EXERCISE AIM ▸ The expected answer holds every line from the first line of the data below through the line containing "Large-Capacity Pencil Case, Simple", exactly as written, and no other line.

INPUT DATA ▸
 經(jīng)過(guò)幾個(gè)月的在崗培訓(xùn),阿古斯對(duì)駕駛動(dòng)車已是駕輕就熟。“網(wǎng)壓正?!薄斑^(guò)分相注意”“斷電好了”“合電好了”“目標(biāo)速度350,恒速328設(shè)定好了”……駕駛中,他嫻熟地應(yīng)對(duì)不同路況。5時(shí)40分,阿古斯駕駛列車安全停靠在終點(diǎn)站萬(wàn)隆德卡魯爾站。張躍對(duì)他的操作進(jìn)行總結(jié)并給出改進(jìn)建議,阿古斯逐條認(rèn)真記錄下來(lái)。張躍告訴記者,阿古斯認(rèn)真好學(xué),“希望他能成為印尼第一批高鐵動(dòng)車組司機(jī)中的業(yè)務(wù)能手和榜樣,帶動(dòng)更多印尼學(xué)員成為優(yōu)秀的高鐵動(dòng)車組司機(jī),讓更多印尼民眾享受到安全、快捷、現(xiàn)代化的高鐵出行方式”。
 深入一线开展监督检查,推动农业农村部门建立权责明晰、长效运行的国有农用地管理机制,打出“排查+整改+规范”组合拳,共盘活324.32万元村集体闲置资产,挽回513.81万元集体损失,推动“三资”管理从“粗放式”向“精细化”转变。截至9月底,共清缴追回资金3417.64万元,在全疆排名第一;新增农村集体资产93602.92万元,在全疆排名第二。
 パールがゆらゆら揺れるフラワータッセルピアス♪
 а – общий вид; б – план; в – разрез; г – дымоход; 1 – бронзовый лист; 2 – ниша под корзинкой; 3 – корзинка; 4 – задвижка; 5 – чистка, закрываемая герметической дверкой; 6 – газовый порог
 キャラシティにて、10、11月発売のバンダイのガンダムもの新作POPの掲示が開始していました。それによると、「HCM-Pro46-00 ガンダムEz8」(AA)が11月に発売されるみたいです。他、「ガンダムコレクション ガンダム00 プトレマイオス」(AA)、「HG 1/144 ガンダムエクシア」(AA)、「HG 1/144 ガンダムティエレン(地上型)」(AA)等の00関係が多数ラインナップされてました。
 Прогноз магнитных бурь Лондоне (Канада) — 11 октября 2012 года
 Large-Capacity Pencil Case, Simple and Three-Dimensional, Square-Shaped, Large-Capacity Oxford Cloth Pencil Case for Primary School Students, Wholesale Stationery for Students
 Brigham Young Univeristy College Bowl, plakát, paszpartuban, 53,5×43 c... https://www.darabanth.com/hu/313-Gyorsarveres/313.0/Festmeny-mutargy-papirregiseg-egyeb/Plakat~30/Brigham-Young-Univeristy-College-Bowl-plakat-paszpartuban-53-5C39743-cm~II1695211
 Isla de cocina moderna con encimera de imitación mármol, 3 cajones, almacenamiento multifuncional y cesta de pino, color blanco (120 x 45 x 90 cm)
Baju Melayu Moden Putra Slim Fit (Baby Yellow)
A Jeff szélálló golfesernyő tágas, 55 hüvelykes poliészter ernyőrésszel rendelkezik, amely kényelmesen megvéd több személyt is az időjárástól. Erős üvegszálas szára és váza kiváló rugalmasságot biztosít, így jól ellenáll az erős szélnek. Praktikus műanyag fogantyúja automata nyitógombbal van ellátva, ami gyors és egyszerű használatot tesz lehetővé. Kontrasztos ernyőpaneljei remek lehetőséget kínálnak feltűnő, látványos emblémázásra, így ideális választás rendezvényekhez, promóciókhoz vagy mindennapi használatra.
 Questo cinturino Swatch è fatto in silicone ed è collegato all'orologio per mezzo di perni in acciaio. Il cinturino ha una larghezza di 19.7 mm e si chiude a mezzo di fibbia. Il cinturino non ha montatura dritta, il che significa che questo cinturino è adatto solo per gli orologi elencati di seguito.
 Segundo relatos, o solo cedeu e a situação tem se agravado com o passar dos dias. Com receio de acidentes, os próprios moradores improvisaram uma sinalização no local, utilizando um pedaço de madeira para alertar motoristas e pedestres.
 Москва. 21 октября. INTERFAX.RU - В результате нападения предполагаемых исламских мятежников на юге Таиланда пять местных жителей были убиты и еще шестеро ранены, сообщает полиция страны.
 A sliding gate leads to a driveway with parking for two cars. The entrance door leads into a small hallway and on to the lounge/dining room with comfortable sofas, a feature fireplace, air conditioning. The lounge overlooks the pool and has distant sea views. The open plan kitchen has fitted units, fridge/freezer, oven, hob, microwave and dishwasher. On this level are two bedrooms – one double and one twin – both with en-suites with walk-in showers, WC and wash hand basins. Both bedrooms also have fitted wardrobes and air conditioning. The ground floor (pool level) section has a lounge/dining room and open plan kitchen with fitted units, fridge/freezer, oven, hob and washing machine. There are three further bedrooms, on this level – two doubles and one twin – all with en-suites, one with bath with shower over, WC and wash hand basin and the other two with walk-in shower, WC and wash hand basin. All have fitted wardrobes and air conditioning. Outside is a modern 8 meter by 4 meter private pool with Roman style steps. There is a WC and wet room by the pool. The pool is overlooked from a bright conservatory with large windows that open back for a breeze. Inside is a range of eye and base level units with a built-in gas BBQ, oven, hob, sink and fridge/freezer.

RESPONSE TO THE TASK ▸
 經(jīng)過(guò)幾個(gè)月的在崗培訓(xùn),阿古斯對(duì)駕駛動(dòng)車已是駕輕就熟。“網(wǎng)壓正?!薄斑^(guò)分相注意”“斷電好了”“合電好了”“目標(biāo)速度350,恒速328設(shè)定好了”……駕駛中,他嫻熟地應(yīng)對(duì)不同路況。5時(shí)40分,阿古斯駕駛列車安全停靠在終點(diǎn)站萬(wàn)隆德卡魯爾站。張躍對(duì)他的操作進(jìn)行總結(jié)并給出改進(jìn)建議,阿古斯逐條認(rèn)真記錄下來(lái)。張躍告訴記者,阿古斯認(rèn)真好學(xué),“希望他能成為印尼第一批高鐵動(dòng)車組司機(jī)中的業(yè)務(wù)能手和榜樣,帶動(dòng)更多印尼學(xué)員成為優(yōu)秀的高鐵動(dòng)車組司機(jī),讓更多印尼民眾享受到安全、快捷、現(xiàn)代化的高鐵出行方式”。
 深入一线开展监督检查,推动农业农村部门建立权责明晰、长效运行的国有农用地管理机制,打出“排查+整改+规范”组合拳,共盘活324.32万元村集体闲置资产,挽回513.81万元集体损失,推动“三资”管理从“粗放式”向“精细化”转变。截至9月底,共清缴追回资金3417.64万元,在全疆排名第一;新增农村集体资产93602.92万元,在全疆排名第二。
 パールがゆらゆら揺れるフラワータッセルピアス♪
 а – общий вид; б – план; в – разрез; г – дымоход; 1 – бронзовый лист; 2 – ниша под корзинкой; 3 – корзинка; 4 – задвижка; 5 – чистка, закрываемая герметической дверкой; 6 – газовый порог
 キャラシティにて、10、11月発売のバンダイのガンダムもの新作POPの掲示が開始していました。それによると、「HCM-Pro46-00 ガンダムEz8」(AA)が11月に発売されるみたいです。他、「ガンダムコレクション ガンダム00 プトレマイオス」(AA)、「HG 1/144 ガンダムエクシア」(AA)、「HG 1/144 ガンダムティエレン(地上型)」(AA)等の00関係が多数ラインナップされてました。
 Прогноз магнитных бурь Лондоне (Канада) — 11 октября 2012 года
 Large-Capacity Pencil Case, Simple and Three-Dimensional, Square-Shaped, Large-Capacity Oxford Cloth Pencil Case for Primary School Students, Wholesale Stationery for Students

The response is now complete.